Coral Beach is located in Eilat, on Israel’s Red Sea coast. The beach is about 6.5km (10 minutes by car) south of Eilat marina, and less than 3km (5 minutes) before Egypt and the Taba border crossing. There is free parking along the road, near the Park entrance. The site can also be easily reached by bus or taxi from the city center.
Entrance to the Coral Beach Nature Reserve is charged 35 shekels/adult and 21 shekels/child (2022). The park is open in summer from 9 a.m. to 6 p.m. from Saturday to Thursday, and from 9 a.m. to 5 p.m. on Fridays (closing 1 hour before in winter). Specific opening hours apply on public holidays and the day before public holidays. Check the park’s website for the last updates about opening hours, which are subject to frequent changes.
To snorkel the reef drop-off (zone 1 on the map), get into the water from the northernmost pontoon (pontoon 1 on the map, on your left when you are facing the sea). Set above the reef, it allows entering the water directly on the drop-off without damaging the shallow reef flat.
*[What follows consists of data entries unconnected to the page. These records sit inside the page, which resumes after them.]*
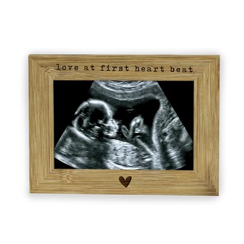 eBuyGB Baby Scan Photo Frame, Love At First Heart Beat, New Parent Gift, Pregnancy Announcement Picture Frame, 4" x 6", Beige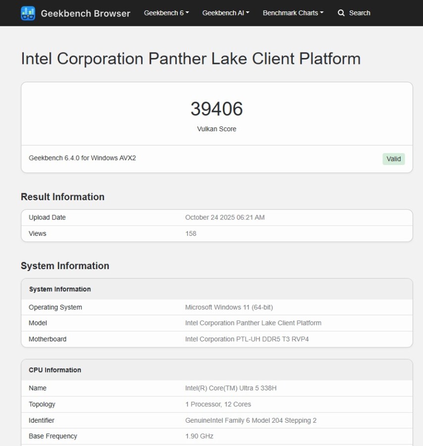 Core Ultra 5 338H da série Panther Lake aparece em teste, revelando iGPU Arc B370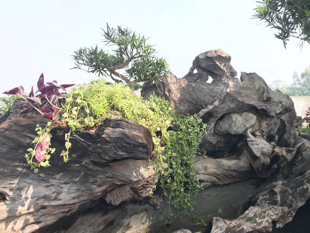 Lang thang ngắm nghía cây cối tại khu trưng bày sinh vật cảnh tại Long Biên (Hà Nội), phóng viên không khỏi choáng ngợp bởi một “con thuyền cây” rất lớn.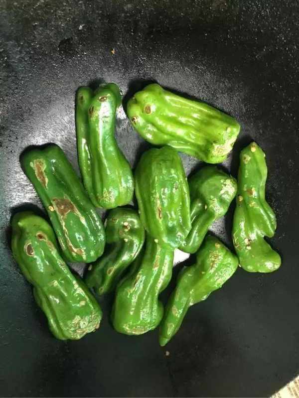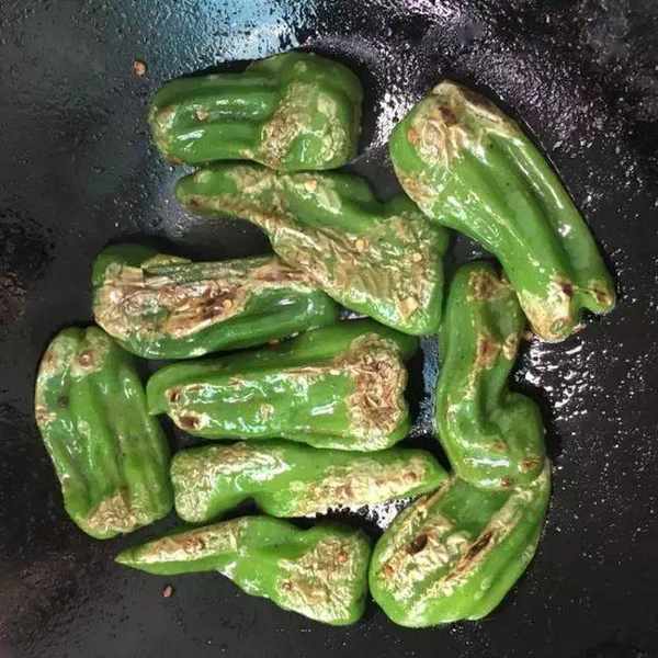 Step2 :鍋燒熱,不放油,下入切好的青椒,背面朝下,炒至微微起虎皮。
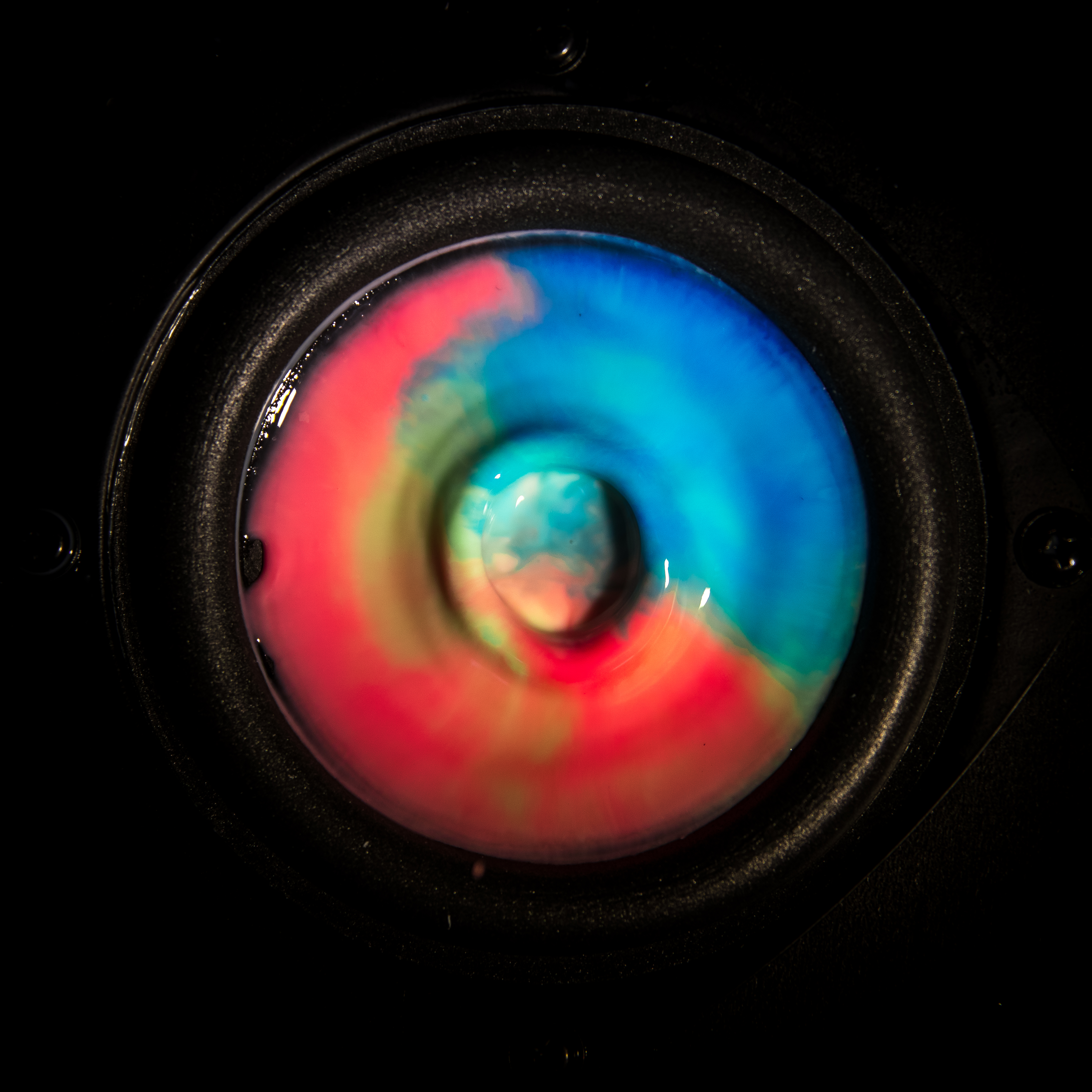 Great focus and contrast with both the fluid and speaker! It almost seems like it was glossed with tie dye, but the edges and blur show the fluid was not static.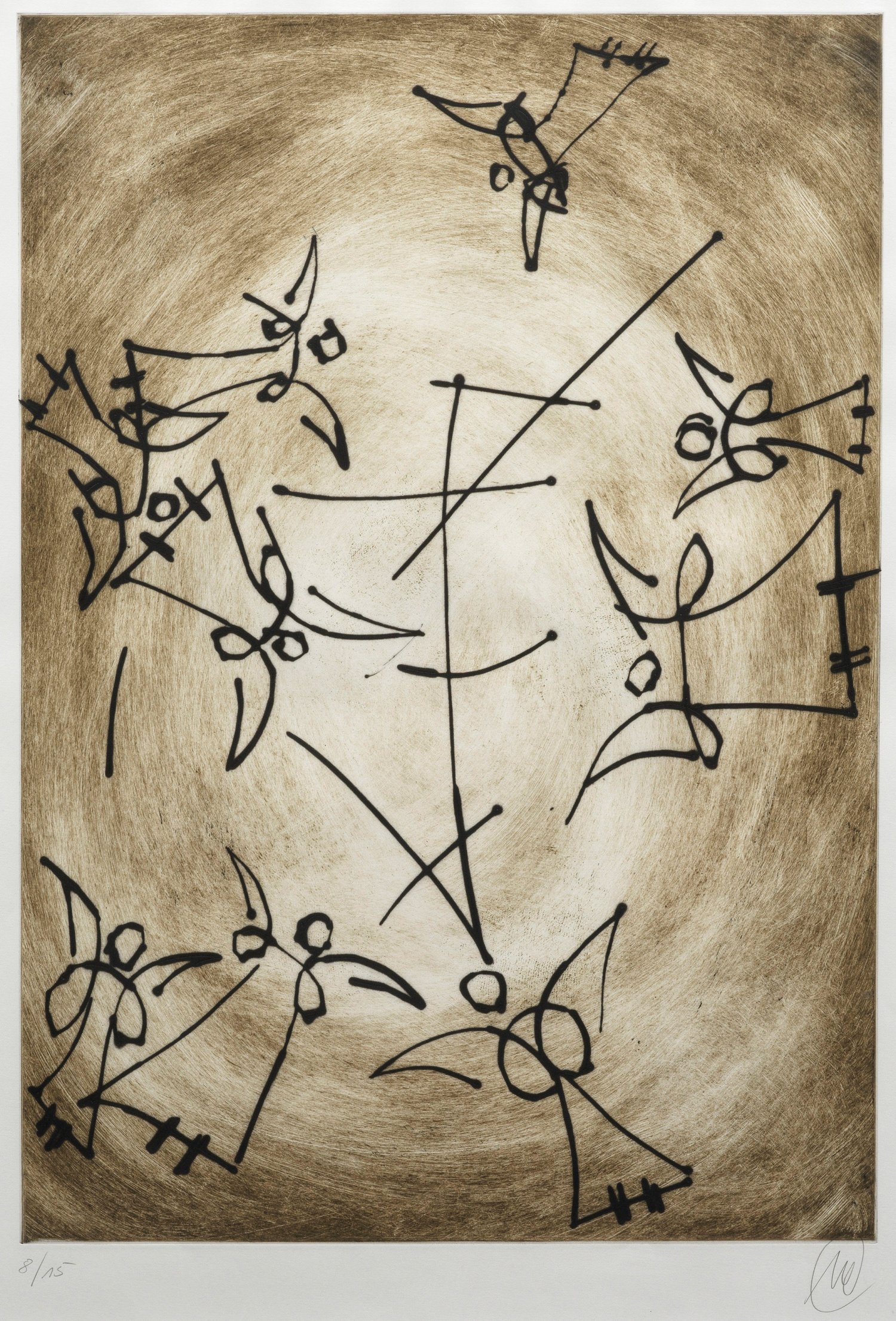 Radierung in Sepia u. Schwarz/Papier. Sign. u. nummeriert 8/15. Von Lüpertz exklusiv geschaffen für die Ausstellung "Sieben Engel für Württemberg" in der Stuttgarter Stiftskirche. Plattenmaß 69,5 cm x 49 cm. Rahmen.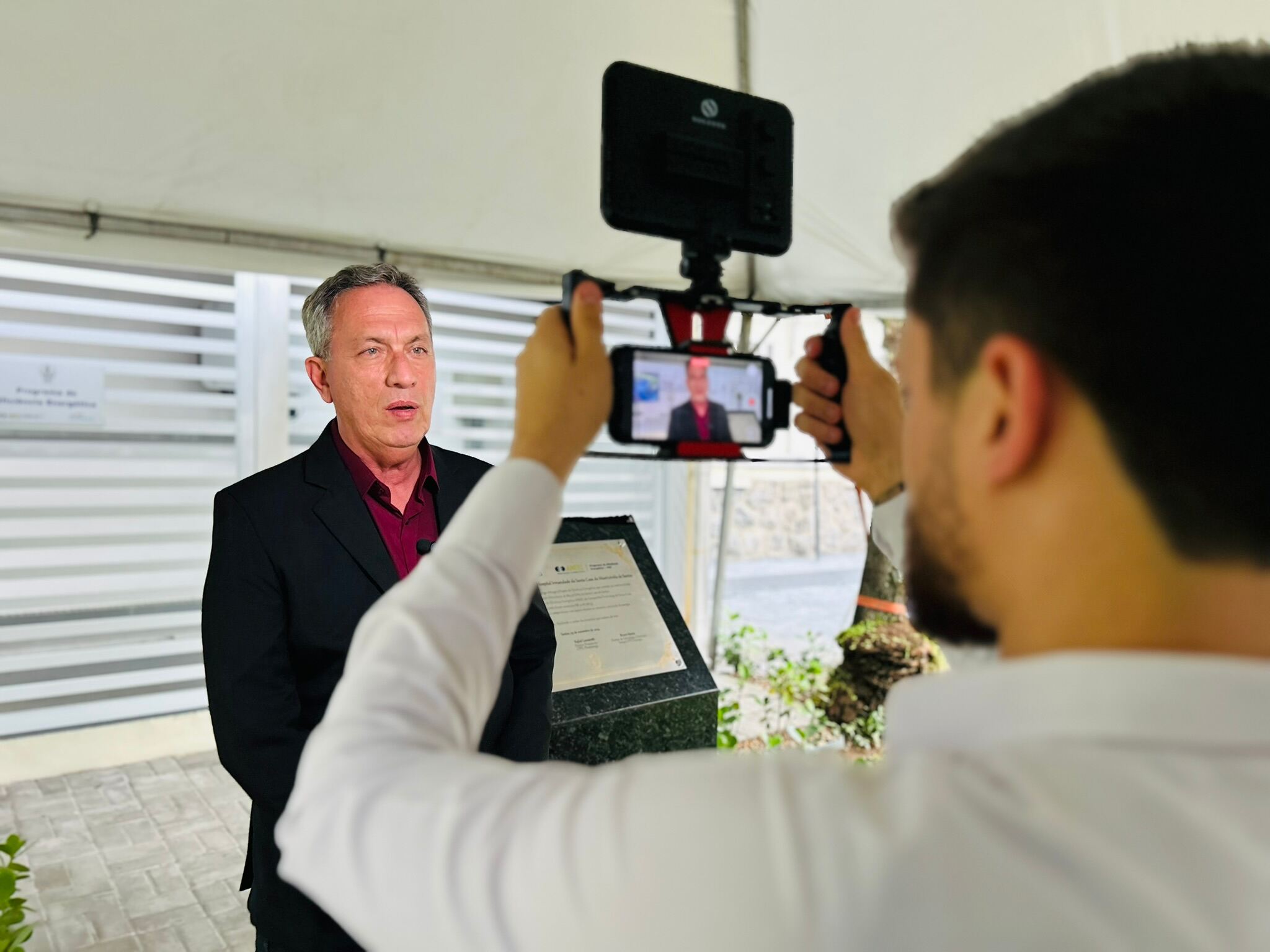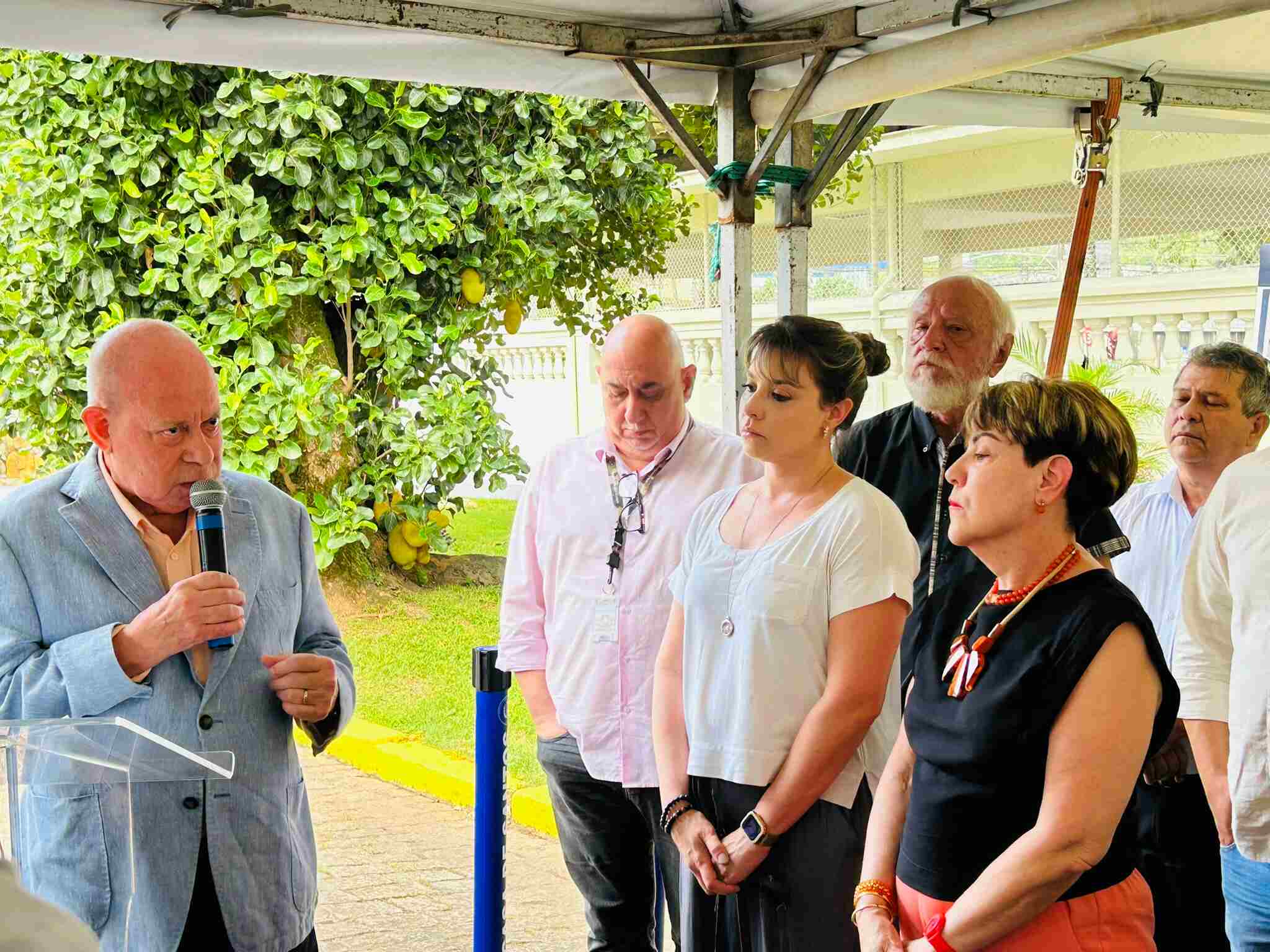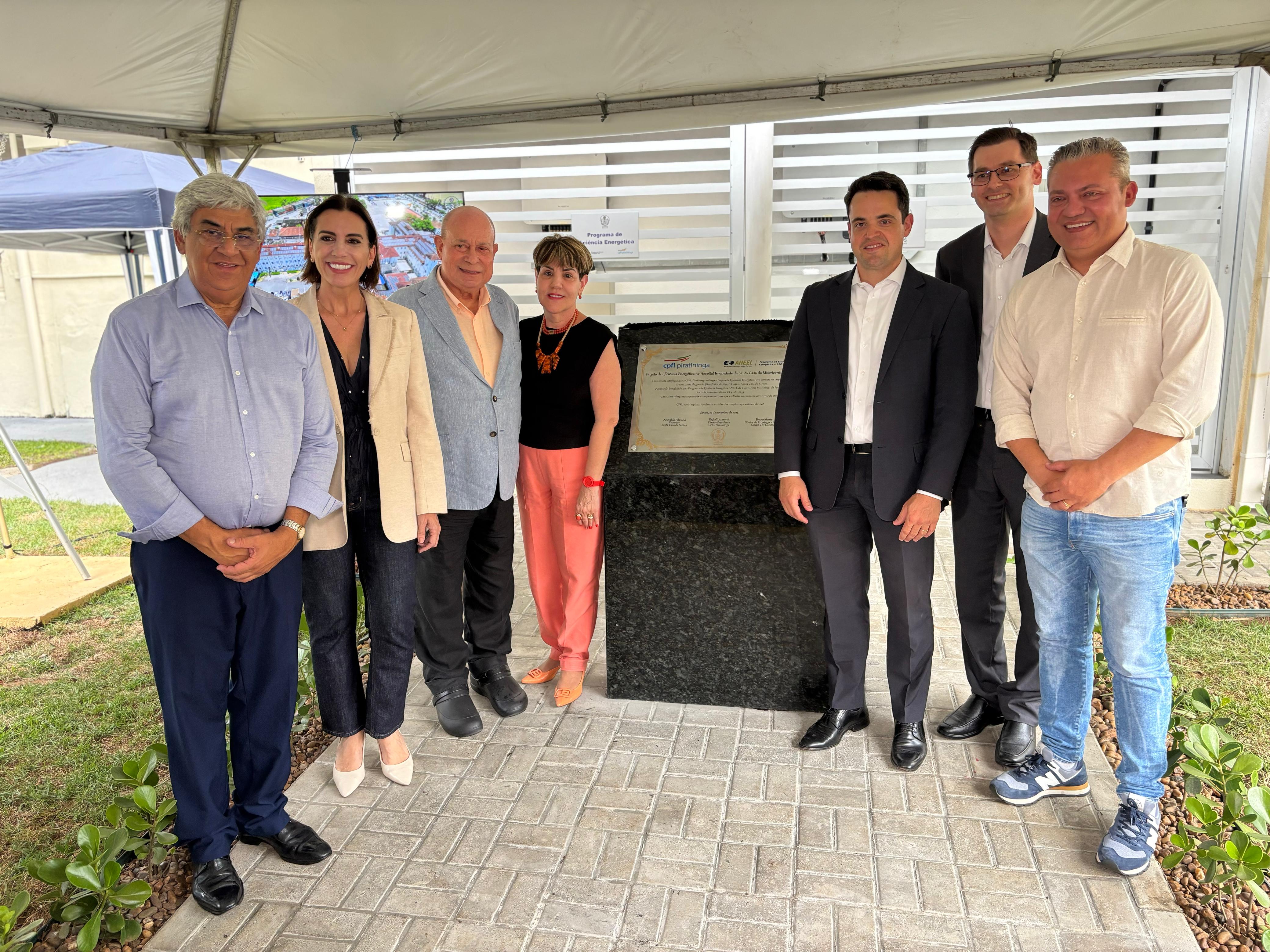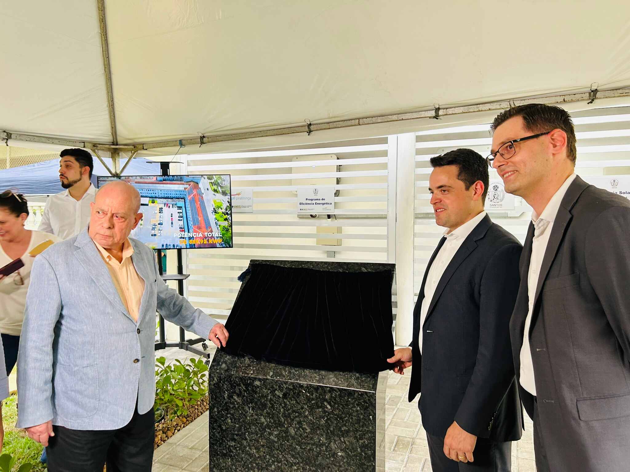 Houve descerramento da placa instalada em frente à cabine de inversores, para marcar o novo momento da instituição, mais uma vez pioneira em projetos tecnológicos e sustentáveis no Litoral Paulista.

The pontoon has wide stairs on which you can sit to wear your equipment and smoothly get into the water. Alternatively, you can enter the water from pontoon 2, but then you will be swimming against the current to snorkel the north of the reef.
To snorkel the two small reef flat areas (areas 3 and 4 on the map), get into the water from the beach.
Snorkeling in Coral Beach is only allowed in limited areas, both on the flat and on the reef drop-off.
Snorkeling on Coral Beach’s reef drop off
The best snorkeling is along the drop-off, despite the line of buoys preventing snorkelers from having a close look a the reef.
As the prevailing current runs north-south (from left to right when looking at the sea), two itineraries are recommended:
Before getting into the water, check that the water entry/exit points are open.
Coral Beach’s reef drop-off, which falls from the surface to deeper sandy beds (↕12-15ft/4-5m) is unevenly preserved. It features a diversity of hard corals, including massive coral, brain coral, fire coral and finger coral.
Soft corals are rare, even if some leather corals are found in places. You will also notice unhealthy areas, where the coral has bleached or disappeared.
The reef hosts a great diversity of fish, most of which Red Sea endemic. Butterflyfish, tang and parrotfish are very common there, as well as the Red Sea bannerfish, often seen in the shade of the drop-off.
Bluespotted groupers, damselfish and boxfish are also easily seen throughout the area. A few large yellow-spotted triggerfish, some of which some 50cm-long, come and go along the drop-off.
Along the reef, you will snorkel over some beautiful coral heads (↕10-12ft/3-4m), on which you can freedive. On the sandy bottoms that surround them, you may be lucky enough to encounter a guitarfish or a bluespotted ribbontail ray.
The pontoons are also fun areas to explore: hundreds of fish, including sergeant majors, Klunzinger’s wrasse and small parrotfish shelter around the piers and in the shade of the steps.
Snorkeling on Coral Beach’s reef flat
Snorkeling on the reef flat is not allowed, except on two small areas with no corals and delimited by buoys (areas 3 and 4 on the map). In these shallow areas (↕1-3fr/0.5-1m), with gravel beds, you can see some inquisitive species, such as the yellowtail surgeonfish.
Coral Beach has deckchairs, showers, toilets and a small store. There are several hotels less than 500m from the Park entrance, including the Royal Shangri-la Eilat, the Orchid Eilat, and the U Coral Beach Club.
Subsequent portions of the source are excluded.